At the trial on the motion for summary judgment in the present case, the court found in granting the motion that there was no evidence of gross negligence or wanton disregard.
Attached to the motion for summary judgment was, among other things, an affidavit executed by Henry W. Hof, chairman of the Association, which stated that it is common practice to hand out or toss cabbages as a traditional throw and that at no time did the Association deliberately or intentionally hand, throw or toss any throws in such a manner so as to intentionally cause bodily injury or harm to any spectators.

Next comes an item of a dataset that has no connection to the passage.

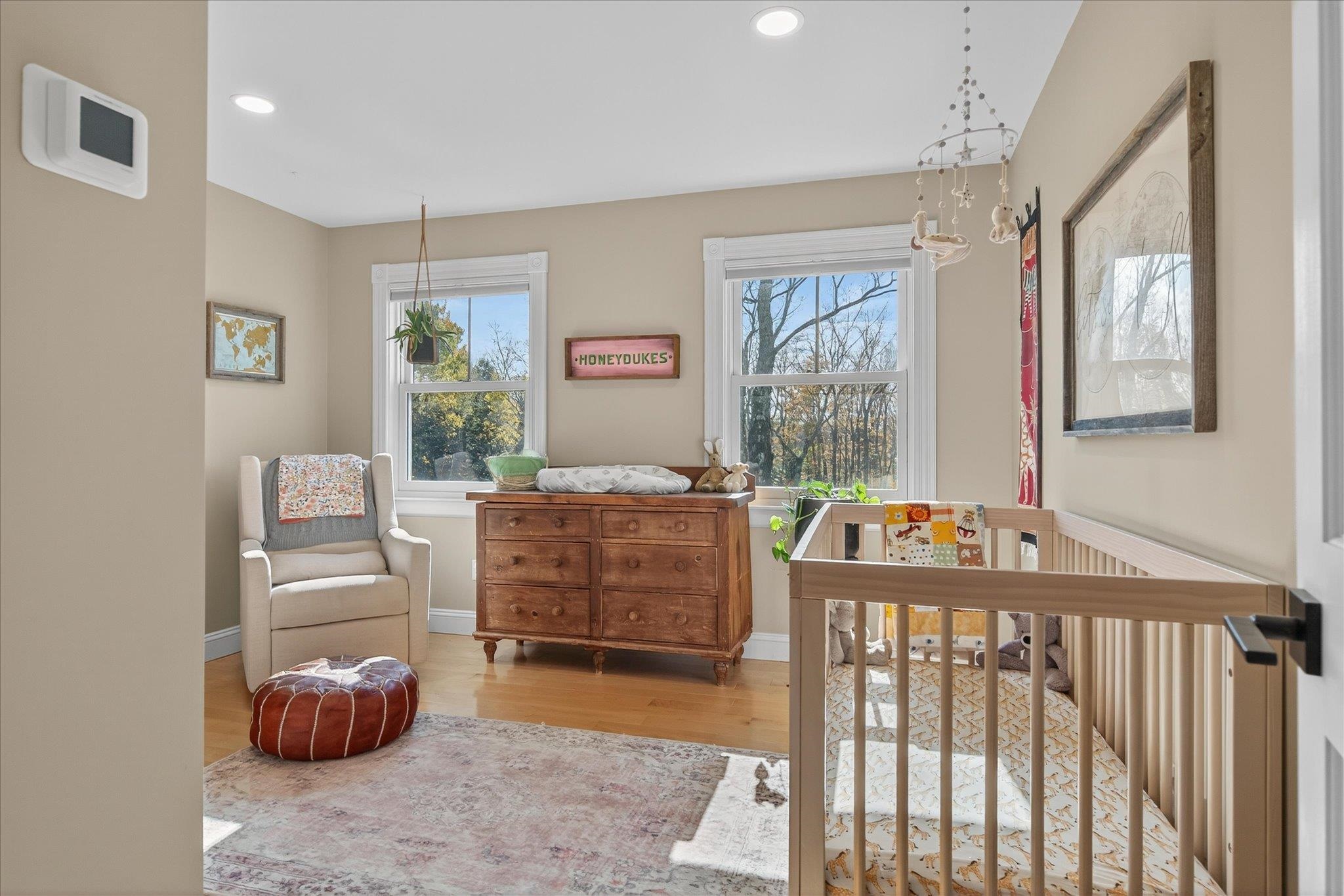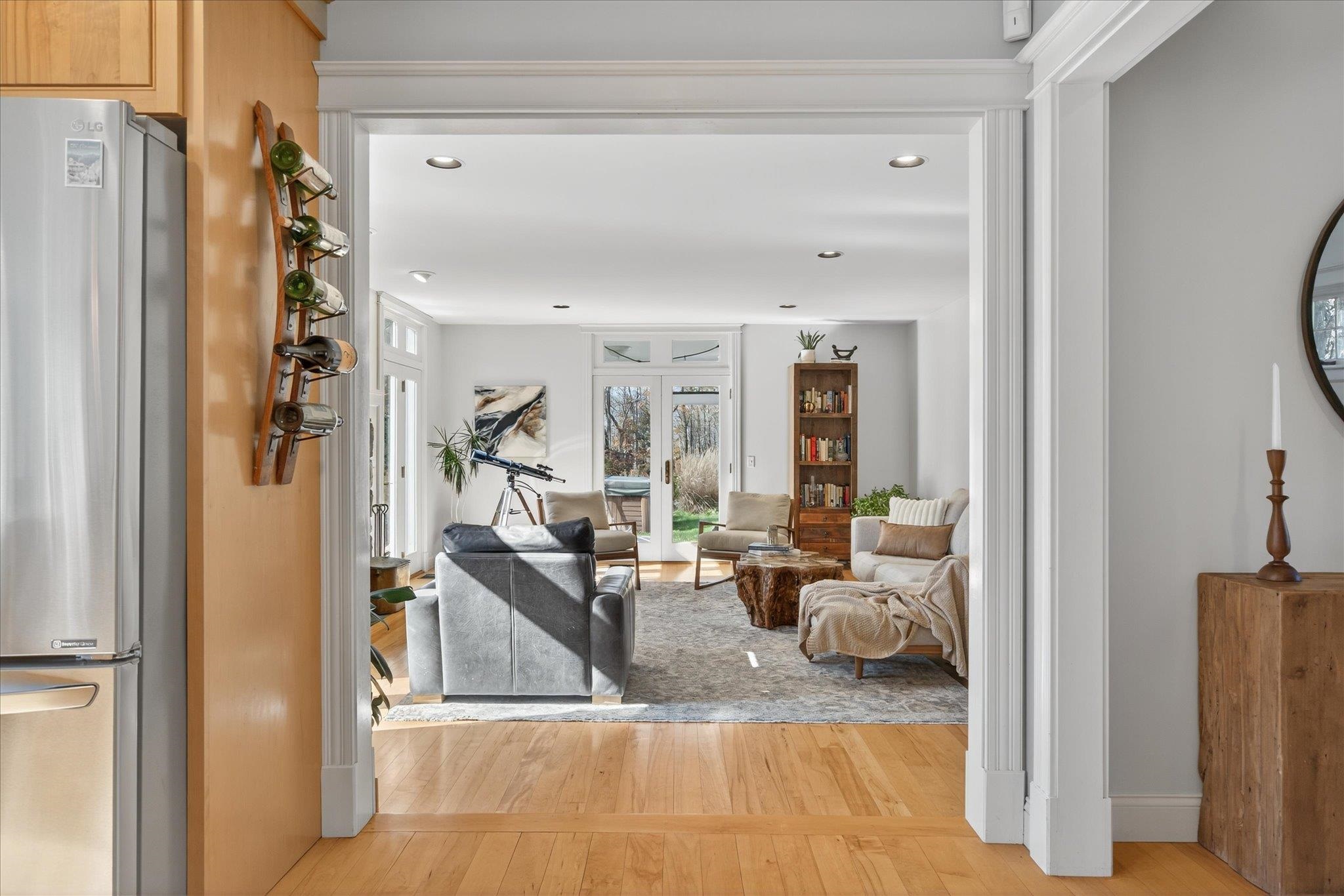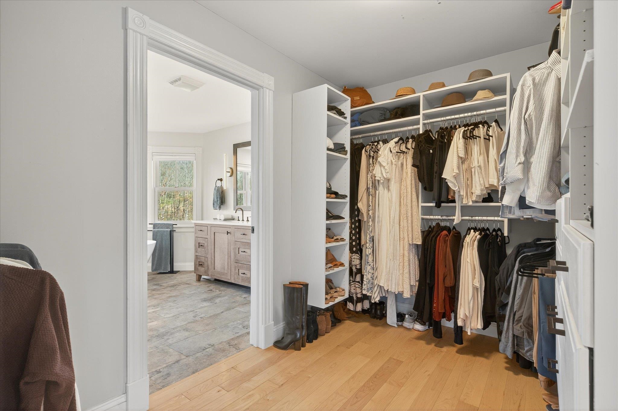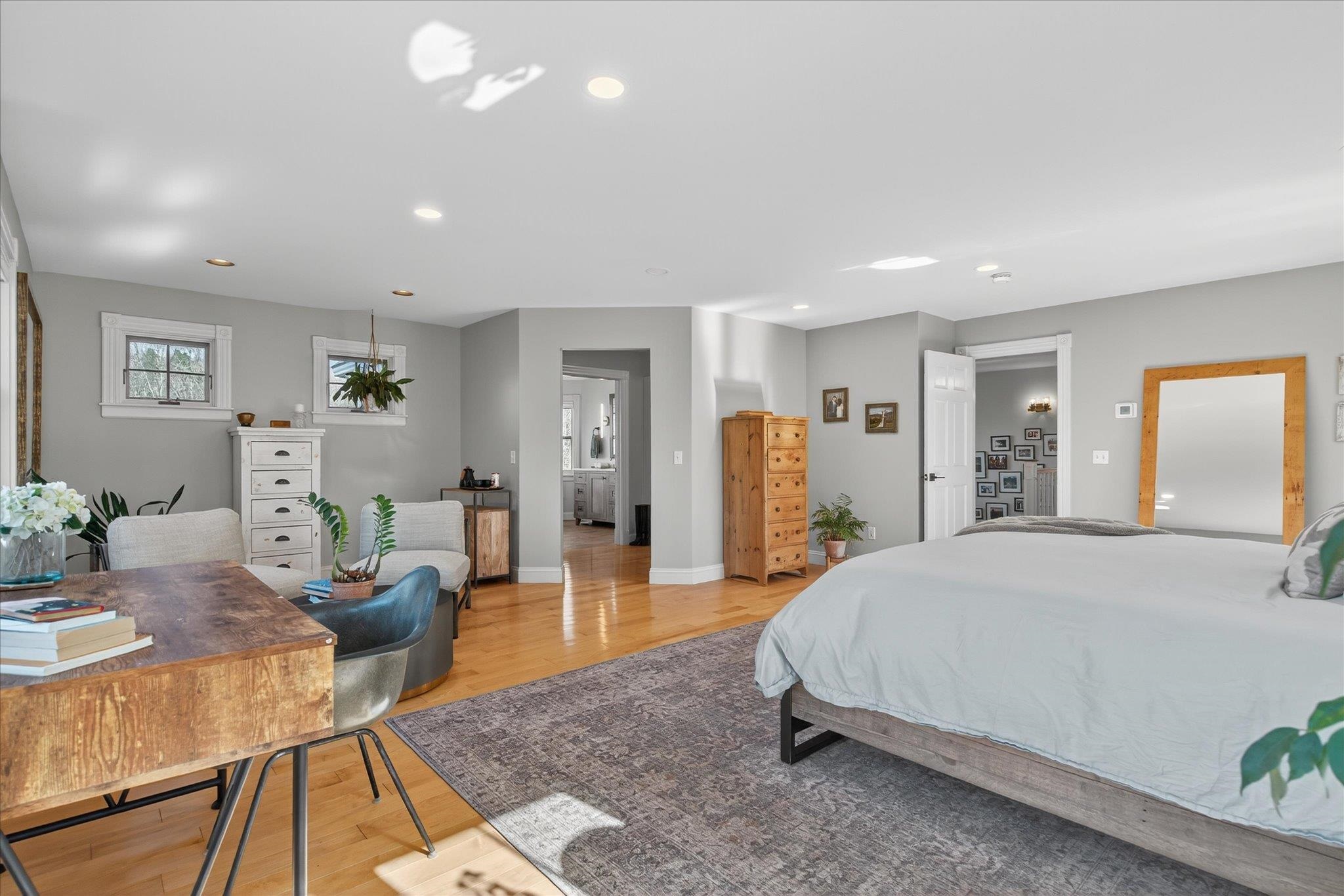 Experience the perfect balance of Vermont serenity and modern sophistication in this stunning 4-bedroom, 4-bath home set on 10.09 private acres of open meadows and peaceful woodland with breathtaking views of the Worcester Mountain Range. Sunlight pours through the abundant windows and doors, highlighting the warm maple floors, elegant stone wood-burning fireplace, and the spacious kitchen featuring birch cabinetry, granite countertops, and ample room for gathering. The primary suite is a true retreat, complete with a custom walk-in closet with built-in shelving and a renovated spa-inspired bath showcasing a double vanity, tiled shower, and oversized soaking tub--a serene escape to unwind and enjoy the timeless tranquility of Vermont's classic landscape. The lower level offers even more flexible living space with a large recreation room perfect for a gym, game room, or media lounge, plus two additional rooms for guests or home offices and a full bathroom. The exterior access to the basement adds convenience & flexibility. Step outside to enjoy the stone patio, covered porches, and relaxing hot tub surrounded by the sights and sounds of nature. Freshly painted and move-in ready, this home perfectly blends privacy, natural beauty, and accessibility--just minutes from world-class skiing, scenic hiking trails, the Waterbury Reservoir, and Waterbury's charming downtown shops and dining. Explore the 3D tour and cinematic video to experience this exceptional home firsthand!

Also attached was the deposition of Mr. Schell, who stated that the person who threw the blow-pop was a dark-haired female. The cabbage came from the same float. Also attached was a list titled "ST. PATRICK'S AND IRISH-ITALIAN PARTICIPANTS 'DON'T'S ". The list included an admonition not to throw cabbages, potatoes, etc., and not to drink alcoholic beverages in the assembly area.
In his opposition, Schell's son, Vincent Schell III, deposed that during the course of the parade, he saw a float rider throw a cabbage from a moving float, which cabbage hit Schell. He further stated that numerous float members consumed alcoholic beverages during the parade. The deposition of Hof was also attached. Hof stated that the krewe members are instructed not to throw cabbages because there were some complaints about this. There was a spotter at the reviewing stand who noted any members who were drunk or disorderly. There was no prohibition against drinking on the float, only in the line-up area. Hof was aware that some members did drink and did throw vegetables.
After reviewing the record in this matter, we conclude that the Association bore its burden of proving immunity under the statute for purposes of summary judgment. Under the statute, a plaintiff must prove gross negligence by the organization. Such negligence by a member does not in itself impose liability upon the organization. An individual member can still be held liable under the statute for individual acts of negligence. The record contains no facts to support an allegation of gross negligence on the part of the Association. Although Schell refers often to the policy of the Association relative to drinking, there are no assertions anywhere in the (designated) record that alcohol was related to the incident in question i.e., that Jane Doe was intoxicated. The allegations referring to the practices of the Association regarding alcoholic beverages are irrelevant or as the trial judge stated orally, a "red herring". The record shows only that Mr. Schell attended an Irish-Italian parade and was struck by a blow-pop and a cabbage thrown or tossed by a rider. No facts in opposition to the motion are alleged to support deliberate and wanton acts or gross negligence committed by the Association.
The trial court properly granted summary judgment in favor of the Association and K K Insurance Group. The judgment is affirmed, and costs of this appeal are assessed to Mr. Schell.